A Yule log or bûche de Noël () is a traditional Christmas cake, often served as a dessert near Christmas, especially in France, Belgium, Luxembourg, Switzerland, Vietnam, and Quebec, Canada.

Variants are also served in the United States, United Kingdom, Scandinavia, Portugal, and Spain. 

Made of sponge cake, to resemble a miniature actual Yule log, it is a form of sweet roulade.

The cake emerged in the 19th century, probably in France, before spreading to other countries.
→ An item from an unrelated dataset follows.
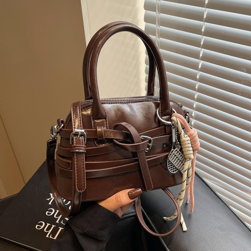 - **Details Vintage Schnalle Bowlingtasche**: Verfügt über eine strukturierte Bowlingtaschen-Silhouette mit einem glänzenden PU-Finish, Akzenten mit Metallschnallen und einem optionalen dekorativen Anhänger-Accessoire, das retro und stilvollen Charme versprüht.. Mehrere Farboptionen (Schwarz, Grau, Rosa, Kaffee, Weinrot) mit oder ohne das Accessoire bedienen vielfältige Stilpräferenzen.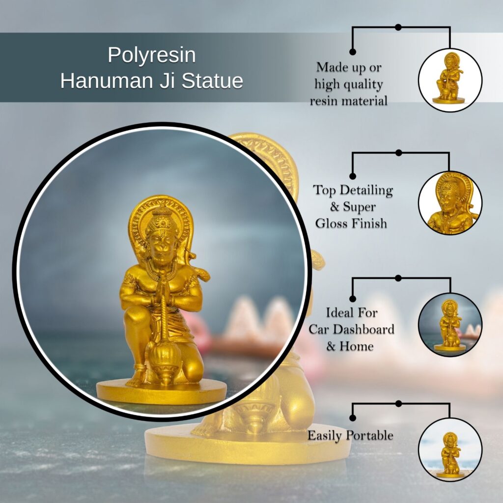Use this HanumanJi statue for pooja, prayer, worship, temple rituals, and religious gifting. This resin murti adds divine strength, spiritual charm, and blessing to your home decor.

It is traditionally made from a genoise, generally baked in a large, shallow Swiss roll pan, iced, rolled to form a cylinder, and iced again on the outside. The most common combination is basic yellow sponge cake and chocolate buttercream, though many variations that include chocolate cake, ganache, and icings flavored with espresso or liqueurs exist.

Yule logs are often served with one end cut off and set atop the cake, or protruding from its side to resemble a chopped off branch. A bark-like texture is often produced by dragging a fork through the icing, and powdered sugar sprinkled to resemble snow. Other cake decorations may include actual tree branches, fresh berries, and mushrooms made of meringue or marzipan.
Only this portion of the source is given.